Start of Recorded information

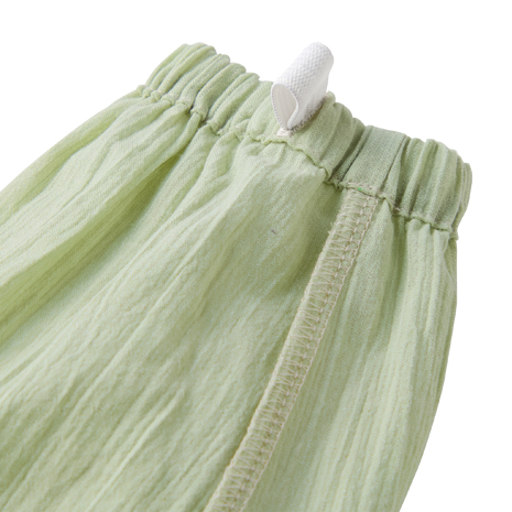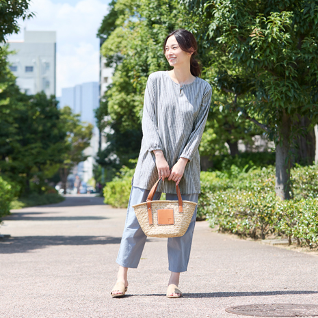 細かな縦ジワのある平織生地で、風通しが良く肌離れの良い楊柳素材を使用しています。ゆったりしたシルエットとお尻が隠れるロング丈で気になる体型をカバーします。袖口がゴム仕様の8分袖タイプで、家事や水仕事の際に袖を上げやすく便利です。
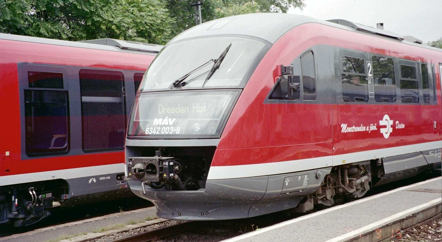 A szomszéd vágányon is Desiro áll, indulni készül, kijelzőjén a szöveg: Dresden Hbf.
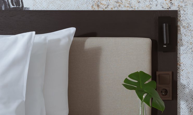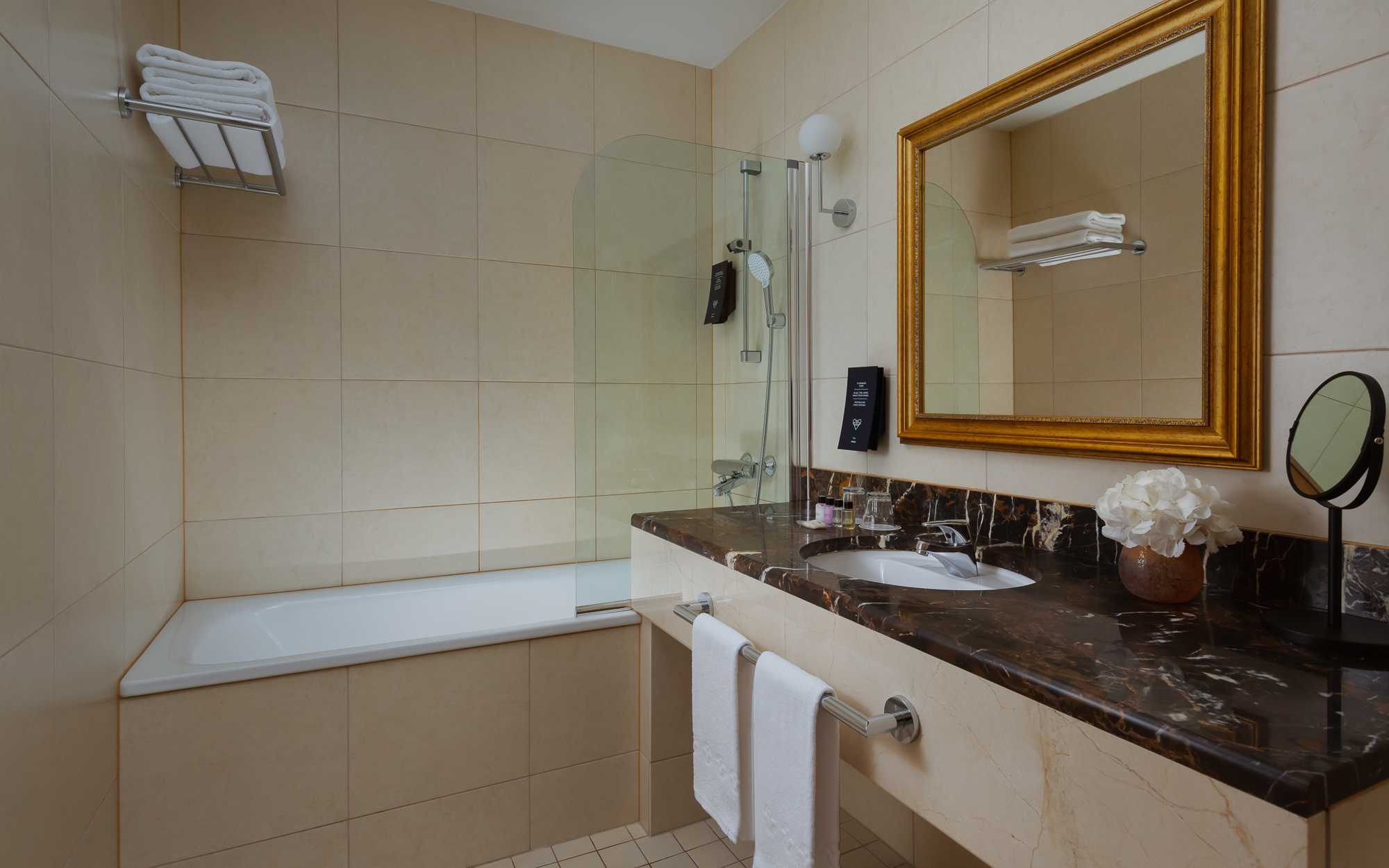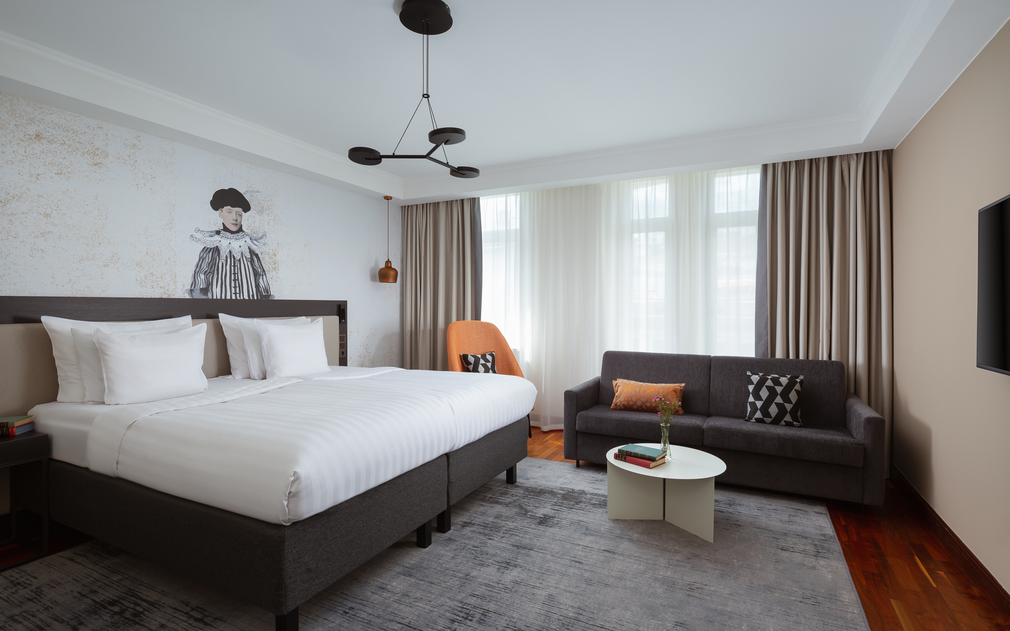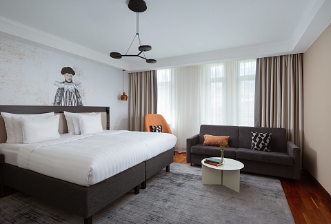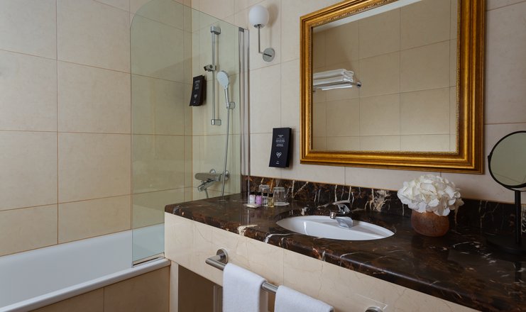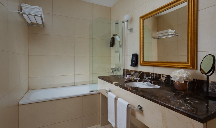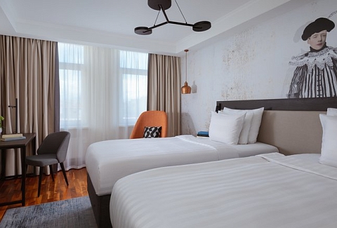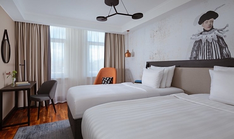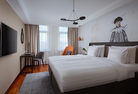 В номере: вешалка, диван, зеркало, кресло, прикроватные тумбочки, стол, шкаф, гладильная доска, кондиционер, кофемашина, мини-холодильник, сейф, телевизор, телефон, утюг, чайный набор посуды, электрочайник
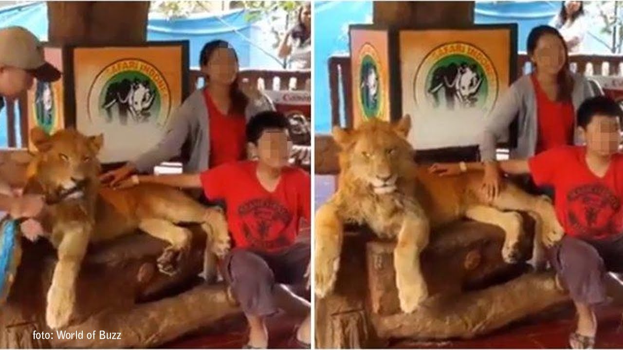 Berfoto bersama hewan yang terkenal buas seperti singa atau harimau terkadang dianggap sesuatu yang hebat.
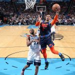 第4クォーター序盤。ウルブズはゴーギー・ジェンとダリオ・シャリッチの3ポイントなどで先行し、一時はリードを10点にまで広げていく。だがホームで負けられないサンダーは2大エースのラッセル・ウェストブルックとポール・ジョージの3ポイントで一気に3点差まで詰め寄り、射程圏内へ。
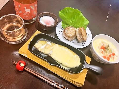 鶏むねれんこんはさみ焼きに温玉 紅はるかチーズ焼き(ラクレット、カマンベール) 根菜スープ 暮れに当たった泡パカのロゼ
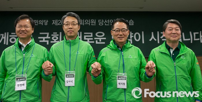 (양평=포커스뉴스) 안철수 국민의당 상임공동대표와 천정배 공동대표가 27일 오전 경기도 양평 한화리조트에서 열린 당선자 워크숍에서 박지원 신임 국민의당 원내대표, 김성식 신임 정책위의장과 함께 기념촬영을 하고 있다. 왼쪽부터 천정배 대표, 김성식 정책위의장, 박지원 원내대표, 안철수 대표.
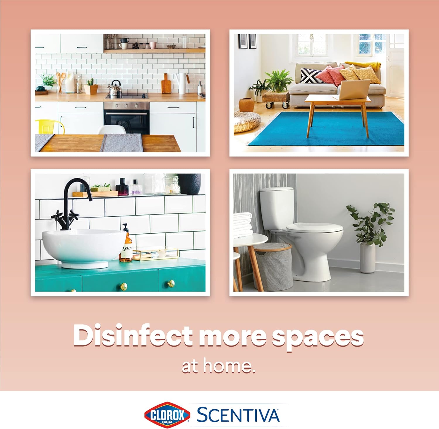 - روائح آسرة: ارفع تجربة التنظيف الخاصة بك مع تجربة سينتيفا الحسية للعطور غير العادية. لم تعد بحاجة إلى المقايضة بين قوة التنظيف التي يتمتع بها كلوروكس والروائح الاستثنائية التي تغير حمامك بالكامل.
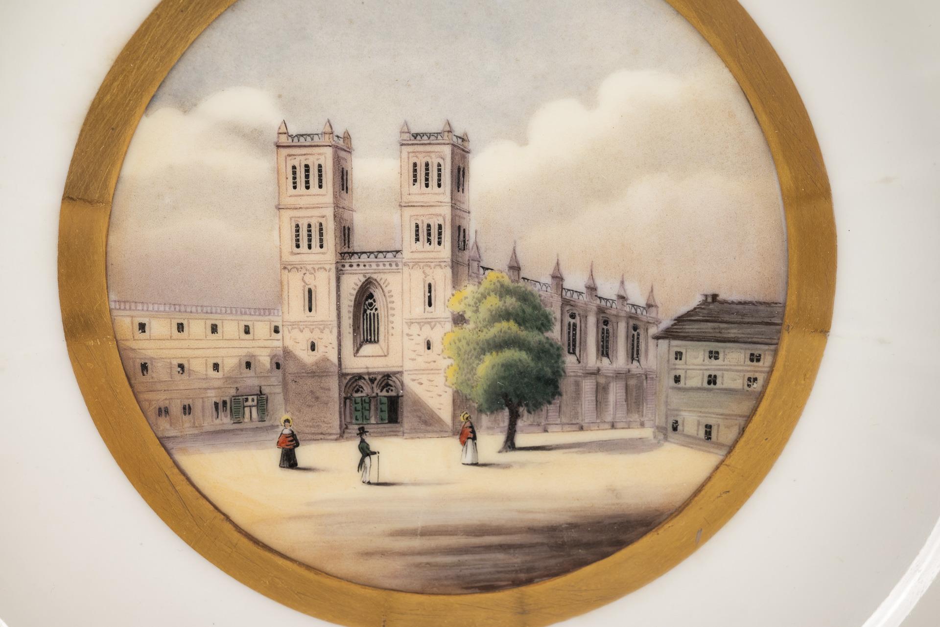 Model "Antikzierat". "Wroclaw City Palace" decoration. In the mirror a gold-framed medallion with a view of the Friedrichswerder Church in Berlin. 3 minimal, underside edge chips.
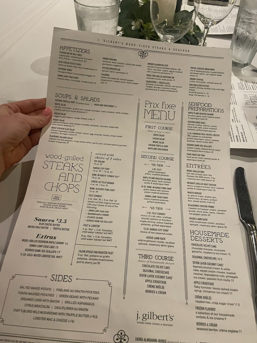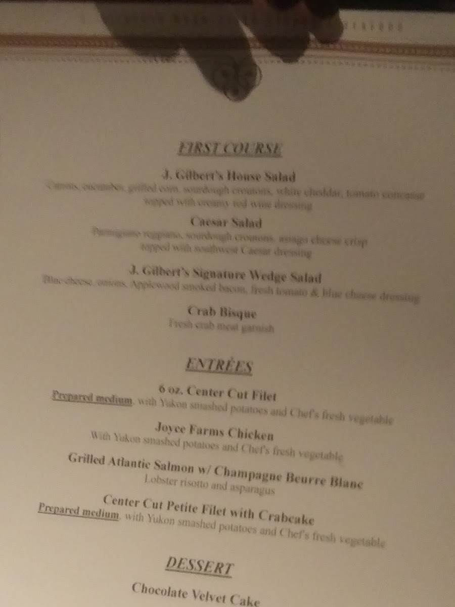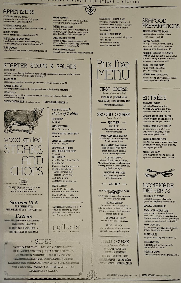 J. Gilbert's Wood-Fired Steaks & Seafood Kansas City Menu

End of Recorded information

■ **Problem details**:
Copy each record exactly. Leave any images out of the copy.

■ **Answer area**:
 細かな縦ジワのある平織生地で、風通しが良く肌離れの良い楊柳素材を使用しています。ゆったりしたシルエットとお尻が隠れるロング丈で気になる体型をカバーします。袖口がゴム仕様の8分袖タイプで、家事や水仕事の際に袖を上げやすく便利です。
 A szomszéd vágányon is Desiro áll, indulni készül, kijelzőjén a szöveg: Dresden Hbf.
 В номере: вешалка, диван, зеркало, кресло, прикроватные тумбочки, стол, шкаф, гладильная доска, кондиционер, кофемашина, мини-холодильник, сейф, телевизор, телефон, утюг, чайный набор посуды, электрочайник
 Berfoto bersama hewan yang terkenal buas seperti singa atau harimau terkadang dianggap sesuatu yang hebat.
 第4クォーター序盤。ウルブズはゴーギー・ジェンとダリオ・シャリッチの3ポイントなどで先行し、一時はリードを10点にまで広げていく。だがホームで負けられないサンダーは2大エースのラッセル・ウェストブルックとポール・ジョージの3ポイントで一気に3点差まで詰め寄り、射程圏内へ。
 鶏むねれんこんはさみ焼きに温玉 紅はるかチーズ焼き(ラクレット、カマンベール) 根菜スープ 暮れに当たった泡パカのロゼ
 (양평=포커스뉴스) 안철수 국민의당 상임공동대표와 천정배 공동대표가 27일 오전 경기도 양평 한화리조트에서 열린 당선자 워크숍에서 박지원 신임 국민의당 원내대표, 김성식 신임 정책위의장과 함께 기념촬영을 하고 있다. 왼쪽부터 천정배 대표, 김성식 정책위의장, 박지원 원내대표, 안철수 대표.
 - روائح آسرة: ارفع تجربة التنظيف الخاصة بك مع تجربة سينتيفا الحسية للعطور غير العادية. لم تعد بحاجة إلى المقايضة بين قوة التنظيف التي يتمتع بها كلوروكس والروائح الاستثنائية التي تغير حمامك بالكامل.
 Model "Antikzierat". "Wroclaw City Palace" decoration. In the mirror a gold-framed medallion with a view of the Friedrichswerder Church in Berlin. 3 minimal, underside edge chips.
 J. Gilbert's Wood-Fired Steaks & Seafood Kansas City Menu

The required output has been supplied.